Они были идентичны. Мы одновременно подняли головы от записей. Наши взгляды встретились, а лица расплылись в широких, безмолвных улыбках. Это была совсем не ДНК заезжего ту­риста. Если только в мои пробы каким-то чудом не попала кровь туземного жителя Гавайев, проводящего каникулы в Раротонга, то перед нами, очевидно, был второй подлинный тип ДНК полинезийцев, который проник в глубины Тихого океана и достиг Островов Кука и Гавайев. Откуда он родом? Чтобы ответить на этот вопрос, потребовалось еще полгода.

Я вылетел назад в Раротонга, больше, чем раньше, уверенный, что мы стоим на пороге открытия тайны, окутывающей происхождение полинезийцев. Здесь Малькольм, у которого я остановился, как и в первый приезд, устроил мне встречу с секретарем премьер-министра. В большинстве стран это было бы совершенно невозможно, но в Раротонга встреча состоялась - на рождественской вечеринке, которую Малькольм организовал на пляже. Просто замечательно, что я был представлен Тере Тангиити и успел условиться с ним о встрече в самом начале праздника, потому что в навсегда врезавшихся в память воспоминаниях об этой вечеринке нет места налаживанию дипломатических контактов - жива только память о синем цвете: цвете ликера Кюрасао, смешанного с шампанским - то есть о коктейле "Голубая лагуна". "Голубая лагуна", омлет с дарами моря и моя пищеварительная система - три несовместимые вещи. Я считаю, что сделал тогда интересное научное открытие - неважно, что именно используют для придания цвета ликеру Кюрасао, желудок человека переварить эту субстанцию не в силах. С тех пор минуло десять лет, но меня по-прежнему начинает подташнивать при одном виде "Голубой лагуны".

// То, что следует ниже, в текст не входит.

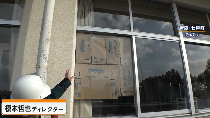 震度5強を観測した、青森県七戸町の七戸中学校では、校舎の窓ガラス31枚が割れ、段ボールで一時的な補強が行われていました。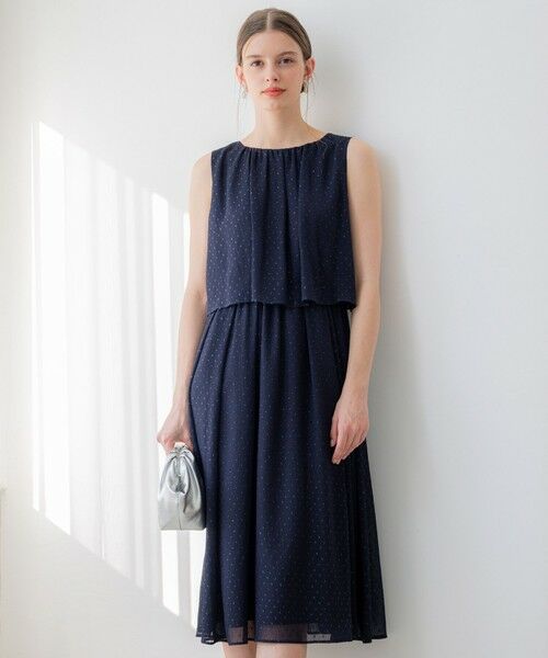 キラりと煌めくドット柄が全面に鏤められたノースリーブドレス。小さめのドット柄で派手になりすぎず華やかな雰囲気です。軽やかな素材感を生かし、贅沢に分量を多めにとることで存在感のある仕上がりです。トップス部分を降らしているデザインにすることで、すっきりとしたシルエットを演出します。清楚な雰囲気が漂う深みのあるネイビー(#075)、大人の魅力を引きたてるシックなブラック(#075)の2色展開です。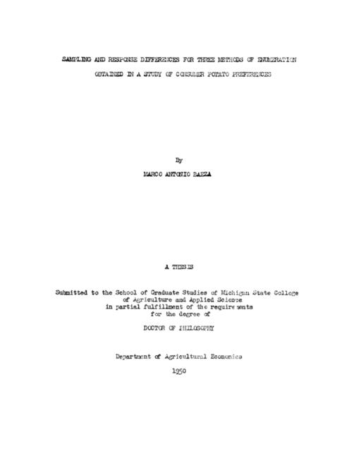 Sampling and response differences for three methods of enumeration obtained in a study of consumer potato preferences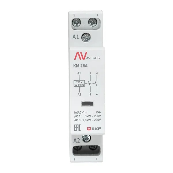 Контактор модульный КМ 25А 2NO 230В АС (1 мод.) AVERES EKF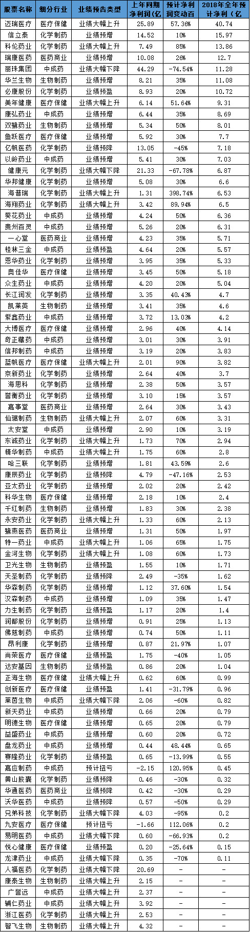 截至目前,据同花顺统计数据显示,已有91家药企(约占A股上市公司的1/3)发布了2018年全年业绩预告,其中预计亏损的企业为5家,亏损面约为5.5%,盈利的企业为81家,约为89%,不确定的企业为5家。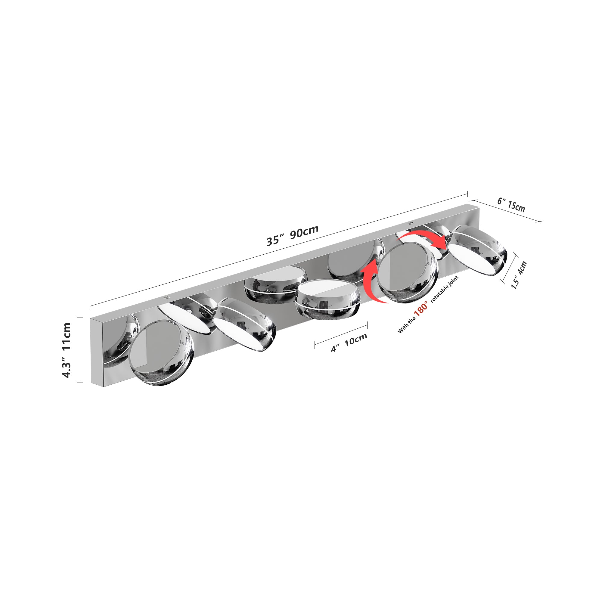 - Number of Lights: 5 light sources for balanced coverage across the mirror.

Мне необходимо было получить разрешение кабинета минист­ров и заручиться поддержкой Джорджа Котеки из департамента здоровья, чтобы набрать по возможности более обильный материал ДНК на Раротонга и других островах. С членами кабинета я познакомился в офисе премьер-министра, расположенном над почтой, и они оказали мне всяческое содействие. За несколько недель я собрал пятьсот образцов с островов Раротонга, Атиу, Аи-тутаки, Мангайя, Пукапука, Ракаханга, Манихики и даже с крохотного атолла Пальмерстона (с населением шестьдесят шесть человек). Я тщательно упаковал все пробы в лед и отправился домой в Оксфорд.

Глава VII
ВЕЛИКИЕ ПУТЕШЕСТВЕННИКИ

Институт молекулярной медицины, в котором находится моя лаборатория, был создан благодаря пионерским научным исследованиям его основателя и первого директора - профессора сэра Дэвида Уэзералла. На протяжении последних двадцати пяти лет его работа была посвящена наследственным заболеваниям крови, в особенности тем, которые затрагивают основной компонент красных кровяных телец, или эритроцитов,- гемоглобин. Заболевания крови в северных широтах не так уж часто встречаются, но на здоровье народов Африки, Азии и Средиземноморского региона Европы оказывают поистине разрушительное действие. Основные заболевания - серповидно-клеточная анемия на юге Сахары в Африке и талассемия в Азии и Средиземноморье - ежегодно косят сотни тысяч детей. Причина этого бедствия заключается в незначительных на первый взгляд мутациях в генах гемоглобина, в результате которых нарушается способность эритроцитов переносить кислород. При серповидно-клеточной анемии изменяется внешний облик эритроцитов - их форма и дала название болезни, они теряют способность двигаться, скользя, протискиваясь и не задевая друг друга, по руслу тончайших кровеносных сосудов. Это нарушает доступ крови, а с ней кислорода к живым тканям организма. При талассемии изменяется структура самого гемоглобина, он образует внутри эритроцитов плотные желеобразные сгустки, в результате клетки разрушаются в селезенке. В любом случае анемии могут приводить к очень тяжелым последствиям и представляют угрозу жизни, если их не лечить, а единственным эффективным способом борьбы с ними до сих пор остаются регулярно повторяющиеся переливания крови, которые - не говоря уже об их побочном эффекте, возникающем от переизбытка железа в организме,- слишком дороги для государственного здравоохранения в большинстве пораженных этими заболеваниями регионов.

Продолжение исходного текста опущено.